:: INPUT MATERIAL

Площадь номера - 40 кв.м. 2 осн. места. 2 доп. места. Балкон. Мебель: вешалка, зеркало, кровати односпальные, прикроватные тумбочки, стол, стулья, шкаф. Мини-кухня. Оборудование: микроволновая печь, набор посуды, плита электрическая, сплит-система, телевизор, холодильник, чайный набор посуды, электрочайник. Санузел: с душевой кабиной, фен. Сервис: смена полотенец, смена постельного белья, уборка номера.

::::
:: INPUT MATERIAL

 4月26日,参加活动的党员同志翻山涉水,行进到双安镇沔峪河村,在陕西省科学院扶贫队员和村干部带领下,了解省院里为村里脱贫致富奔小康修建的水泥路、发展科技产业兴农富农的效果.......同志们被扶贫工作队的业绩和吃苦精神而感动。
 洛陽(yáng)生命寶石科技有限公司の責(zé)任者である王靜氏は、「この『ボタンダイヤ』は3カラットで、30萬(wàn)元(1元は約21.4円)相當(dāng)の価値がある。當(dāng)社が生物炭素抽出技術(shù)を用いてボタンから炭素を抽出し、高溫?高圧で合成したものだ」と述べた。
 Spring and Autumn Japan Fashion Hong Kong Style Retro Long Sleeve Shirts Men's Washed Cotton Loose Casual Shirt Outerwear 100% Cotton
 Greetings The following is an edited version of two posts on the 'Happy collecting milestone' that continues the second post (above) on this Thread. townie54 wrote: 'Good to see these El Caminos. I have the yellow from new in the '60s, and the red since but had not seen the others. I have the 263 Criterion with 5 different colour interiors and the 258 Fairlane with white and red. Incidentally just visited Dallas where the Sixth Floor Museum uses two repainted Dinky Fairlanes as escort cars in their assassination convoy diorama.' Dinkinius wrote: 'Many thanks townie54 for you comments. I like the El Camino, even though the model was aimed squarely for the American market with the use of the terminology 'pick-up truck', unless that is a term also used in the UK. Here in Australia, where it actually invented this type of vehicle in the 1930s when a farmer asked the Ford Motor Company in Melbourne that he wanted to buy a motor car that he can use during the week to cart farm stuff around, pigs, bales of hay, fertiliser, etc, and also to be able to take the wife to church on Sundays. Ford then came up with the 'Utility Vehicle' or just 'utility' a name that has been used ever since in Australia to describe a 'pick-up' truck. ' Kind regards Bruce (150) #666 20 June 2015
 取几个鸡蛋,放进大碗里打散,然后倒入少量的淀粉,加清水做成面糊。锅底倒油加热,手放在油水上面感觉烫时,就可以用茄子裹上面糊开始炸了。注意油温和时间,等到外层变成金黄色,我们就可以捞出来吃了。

::::
:: INPUT MATERIAL

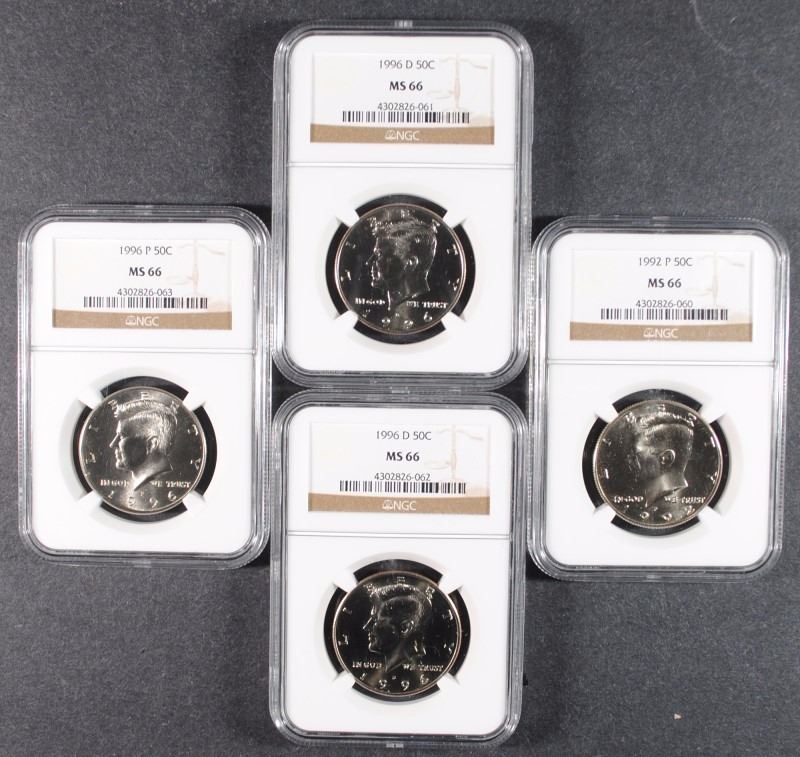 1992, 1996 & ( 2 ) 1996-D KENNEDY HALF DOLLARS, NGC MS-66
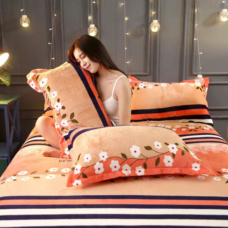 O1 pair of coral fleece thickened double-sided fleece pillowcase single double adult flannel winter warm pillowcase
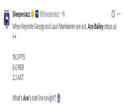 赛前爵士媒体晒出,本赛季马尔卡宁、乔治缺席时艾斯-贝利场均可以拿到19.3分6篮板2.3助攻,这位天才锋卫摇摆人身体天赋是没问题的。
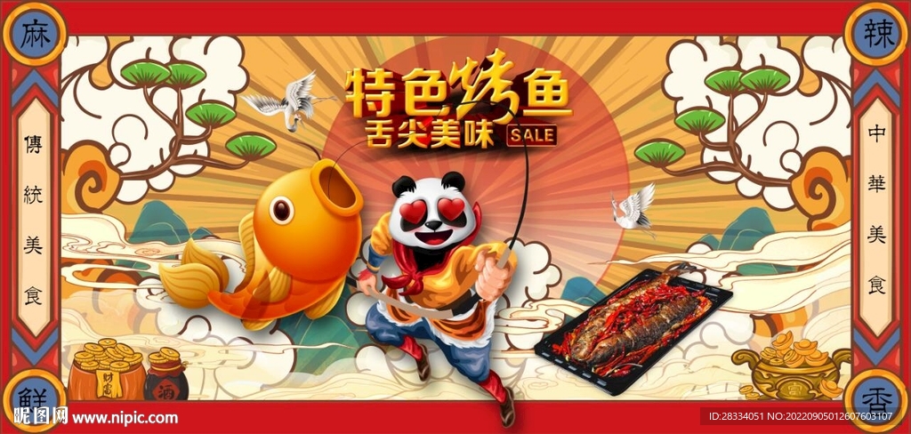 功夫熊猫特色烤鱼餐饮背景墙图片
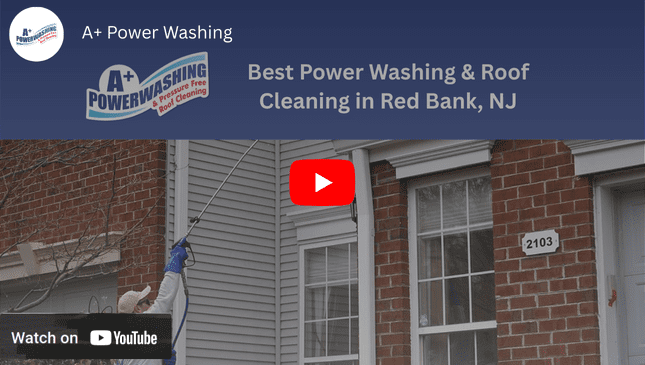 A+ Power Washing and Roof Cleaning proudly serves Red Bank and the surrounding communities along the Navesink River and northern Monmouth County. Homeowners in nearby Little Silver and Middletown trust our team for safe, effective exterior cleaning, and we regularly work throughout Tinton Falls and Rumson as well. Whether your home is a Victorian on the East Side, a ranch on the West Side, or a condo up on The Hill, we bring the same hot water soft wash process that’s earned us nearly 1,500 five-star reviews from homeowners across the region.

::::

AIM OF THE TASK.
Repeat exactly the lines above, from the line that contains "功夫熊猫特色烤鱼餐饮背景墙图片" down through the line that contains "A+ Power Washing". Include both of those lines and none of the pictures.

PROBLEM SOLUTION.
 功夫熊猫特色烤鱼餐饮背景墙图片
 A+ Power Washing and Roof Cleaning proudly serves Red Bank and the surrounding communities along the Navesink River and northern Monmouth County. Homeowners in nearby Little Silver and Middletown trust our team for safe, effective exterior cleaning, and we regularly work throughout Tinton Falls and Rumson as well. Whether your home is a Victorian on the East Side, a ranch on the West Side, or a condo up on The Hill, we bring the same hot water soft wash process that’s earned us nearly 1,500 five-star reviews from homeowners across the region.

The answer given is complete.